El momento más extraordinario para mí, en medio de lo magistral y apoteósico de cada una de las interpretaciones fue cuando, habiendo terminado una pieza y haciendo la pausa de unos cuantos segundos para seguir, alguien del público gritó ‘¡¡My Favorite Things!!’, ante lo que Benito preguntó –no habiendo escuchado bien– ‘¿cuál?’, ‘My Favorite Things’, replicó la persona, un instante milimétrico después de lo cual el Zinco Jazz Club, en el corazón del centro histórico de la ciudad de México y pasada ya la media noche, se cimbró ante la evocación del comienzo eterno de ese piano sentencioso y ceremonial de McCoy Tyner que va preparando la atmósfera suprema y exigente y de evocación casi religiosa, acompañado de Steve Davis al contrabajo y Elvin Jones en la batería en aquél disco histórico de 1961, para dar entrada a John Coltrane con esa melodía inconfundible e inolvidable que, este pasado viernes 10 de diciembre, fue reproducida por un cuarteto de latinoamericanos de talento desbordante y de pasión irradiadora liderados por un genio poderoso originario de Maracaibo Venezuela pero procedente de Nueva York, para ofrecernos una muestra suprema de lo que el jazz supone como género propiciador del despliegue de la potencia creativa de los hombres que, mediane el arte, se sublima para dar vida a las formas extraordinarias y generosas de la alta cultura.

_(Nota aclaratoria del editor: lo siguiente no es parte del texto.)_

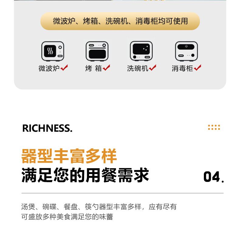| 12-person food light luxury family pack 60-piece set(12人食轻奢家庭装60件套) | USD $75.3 | 99999 piece available |

Fue uno de los conciertos más extraordinarios a los que he ido en mucho tiempo, y me confirmo en la convicción de que en éste, como en muchos otros planos de la vida social, intelectual y cultural, ni México ni Venezuela ni Latinoamérica entera la piden nada a nadie, y podemos medirnos con cualquiera en el momento que se nos requiera. Benito González es un jugador de grandes ligas y de talla mundial, y esa noche en el Zinco se comportó sencillo, franco y generoso, con ausencia total de vanidad cual sabio estoico de tiempos de la antigüedad clásica. Una maravilla de persona.
La semana pasada, sí señor, Venezuela fue soberana en México a través de Nueva York. El recuerdo, sin duda alguna, me queda para siempre y eso está muy bien. Eso está muy bien.